## Data for processing:
[Start of Attachment]
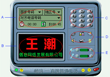 (如圖1)“王潮暢談?wù)Z音全球通”的主界面。A部分是虛擬液晶顯示屏,這里顯示的內(nèi)容與 D(功能鍵區(qū))相對(duì)應(yīng),B是廣告位,如果有興趣可以與王潮公司聯(lián)系作廣告(^_^),C是撥號(hào)區(qū),D是功能按鈕區(qū),集中了這個(gè)軟件的主要功能,E是音量調(diào)節(jié)區(qū)。整個(gè)界面簡潔合理。
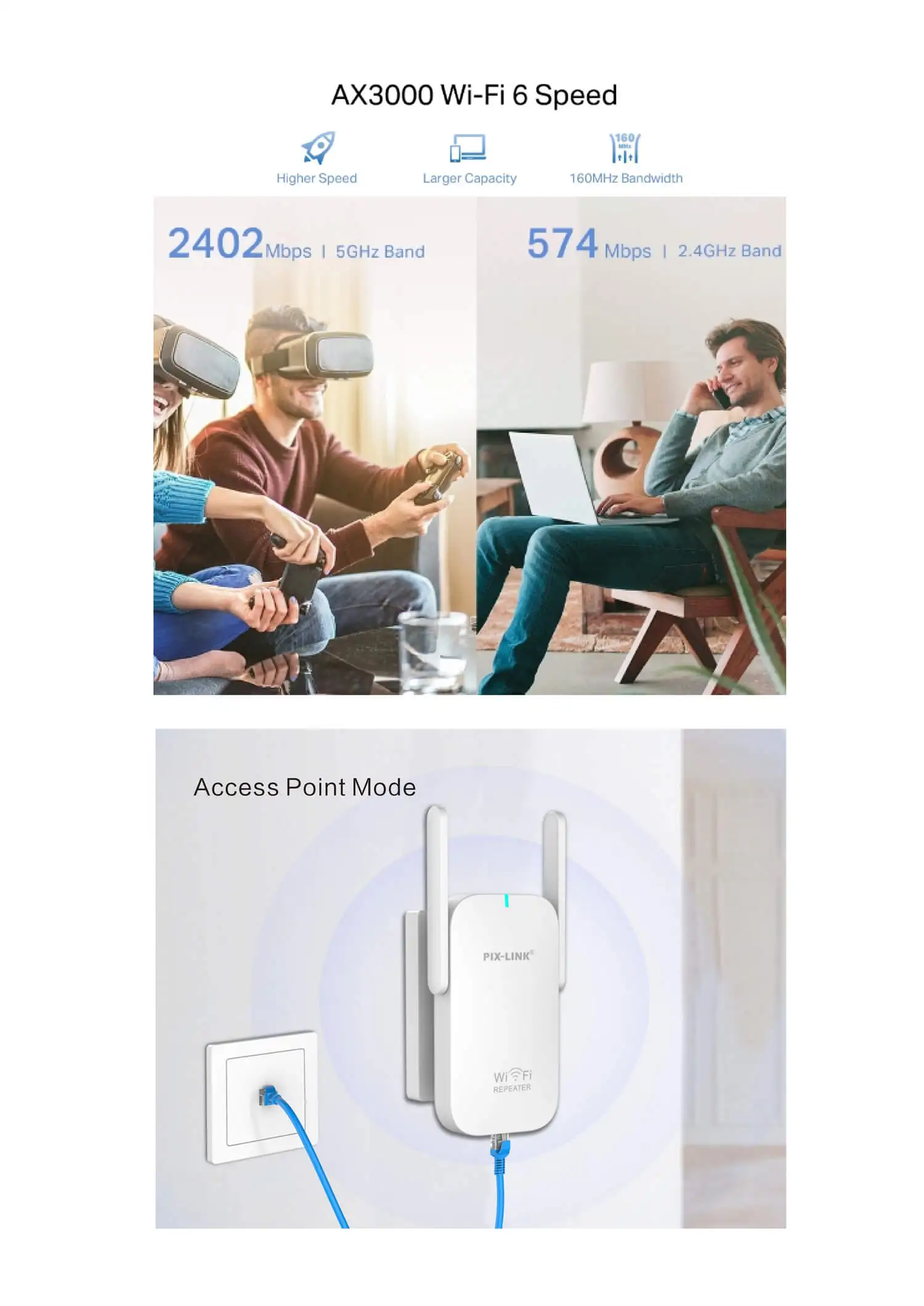 Dual-band WiFi6- Separate 5GHz(2402Mbps) and 2.4GHz(574Mbps)WiFi bands, using the latest technology to achieve moreFaster speed and more
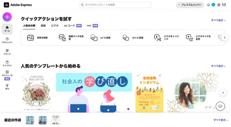 Adobe Expressは、前出のように無料で使えるツールだ。ダウンロードの必要はなく、ウェブブラウザー経由で全ての機能が使える。有料の「プレミアムプラン」(月額1078円)もあり、こちらの場合、フォトストックやテンプレートの追加、Creative Cloudなどとの連携が追加される。
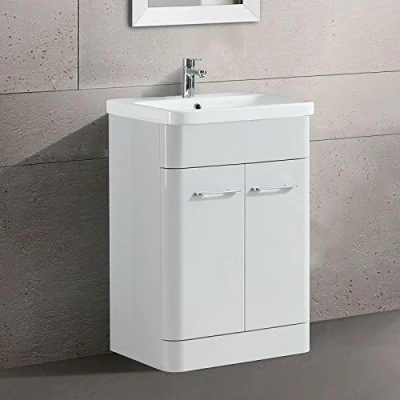 Nes Home Freestanding White Gloss Vanity Sink Unit Bathroom Furniture 600mm Modern Doors Ceramic Basin
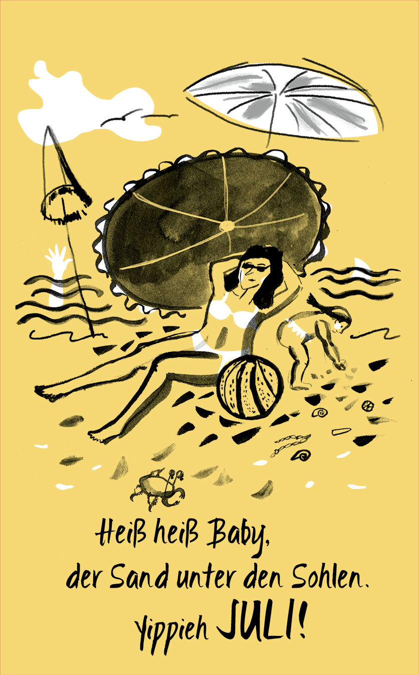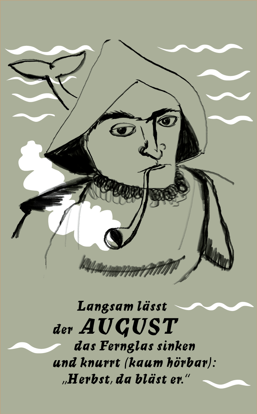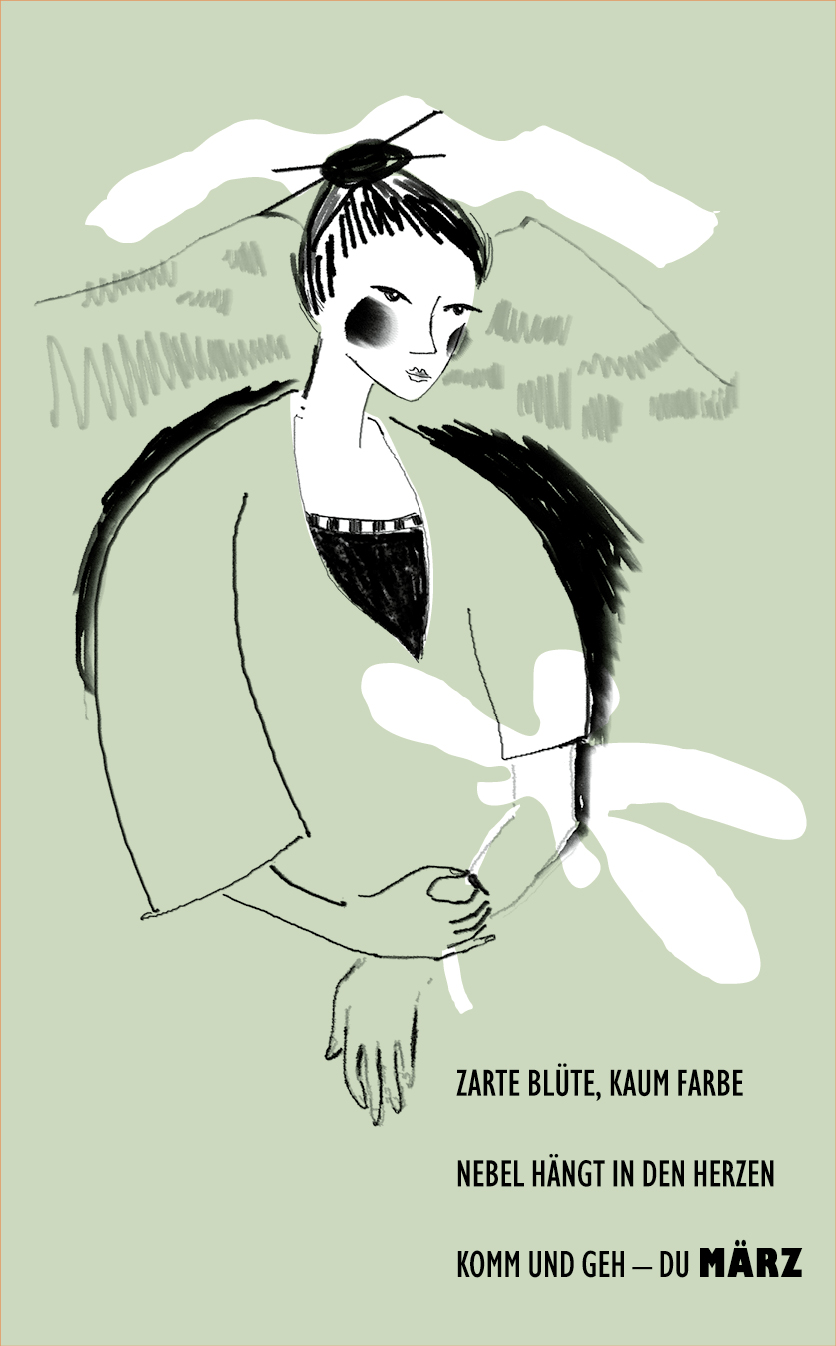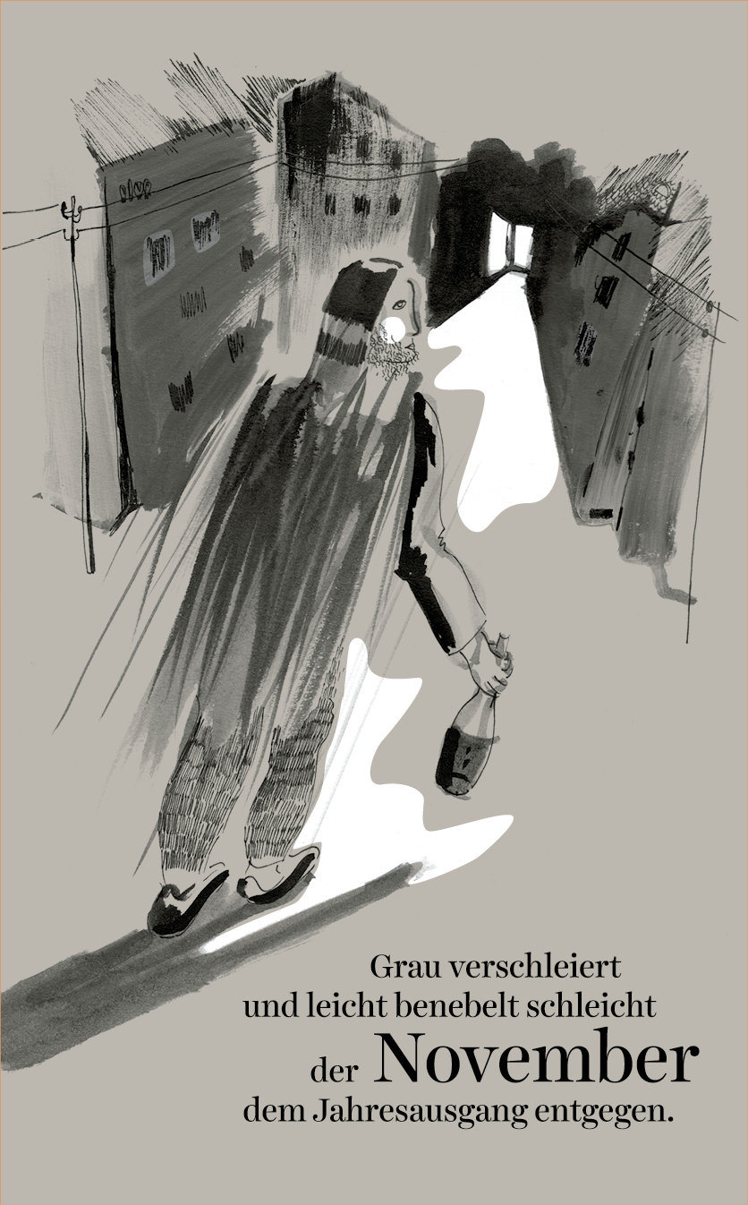 Die Zeichnungen sind konsequent in reduziertem Schwarz mit weißen Akzenten gehalten. Sie interpretieren die Texte, die spielerisch die Monate des Jahres umdichten. Oder interpretieren die Texte die Zeichnungen?
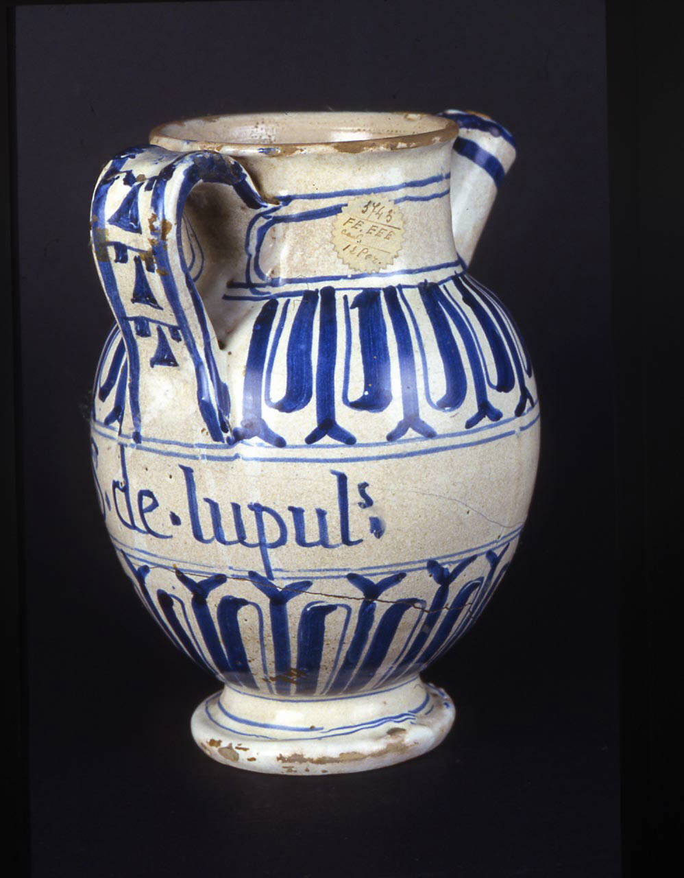 Vaso a corpo globulare su alto piede piano ed espanso, comunemente denominato orciolo. Collo cilindrico da cui si diparte, appena sotto l'orlo, una larga ansa nastriforme che scende fino a sotto la spalla. Larga apertura con orlo estroflesso. Dalla spalla si diparte un beccuccio a cannello cilindrico.
[End of Attachment]
## Work to be completed:
The answer should match the material exactly, with every picture removed.

## Problem solution:
 (如圖1)“王潮暢談?wù)Z音全球通”的主界面。A部分是虛擬液晶顯示屏,這里顯示的內(nèi)容與 D(功能鍵區(qū))相對(duì)應(yīng),B是廣告位,如果有興趣可以與王潮公司聯(lián)系作廣告(^_^),C是撥號(hào)區(qū),D是功能按鈕區(qū),集中了這個(gè)軟件的主要功能,E是音量調(diào)節(jié)區(qū)。整個(gè)界面簡潔合理。
 Dual-band WiFi6- Separate 5GHz(2402Mbps) and 2.4GHz(574Mbps)WiFi bands, using the latest technology to achieve moreFaster speed and more
 Adobe Expressは、前出のように無料で使えるツールだ。ダウンロードの必要はなく、ウェブブラウザー経由で全ての機能が使える。有料の「プレミアムプラン」(月額1078円)もあり、こちらの場合、フォトストックやテンプレートの追加、Creative Cloudなどとの連携が追加される。
 Nes Home Freestanding White Gloss Vanity Sink Unit Bathroom Furniture 600mm Modern Doors Ceramic Basin
 Die Zeichnungen sind konsequent in reduziertem Schwarz mit weißen Akzenten gehalten. Sie interpretieren die Texte, die spielerisch die Monate des Jahres umdichten. Oder interpretieren die Texte die Zeichnungen?
 Vaso a corpo globulare su alto piede piano ed espanso, comunemente denominato orciolo. Collo cilindrico da cui si diparte, appena sotto l'orlo, una larga ansa nastriforme che scende fino a sotto la spalla. Larga apertura con orlo estroflesso. Dalla spalla si diparte un beccuccio a cannello cilindrico.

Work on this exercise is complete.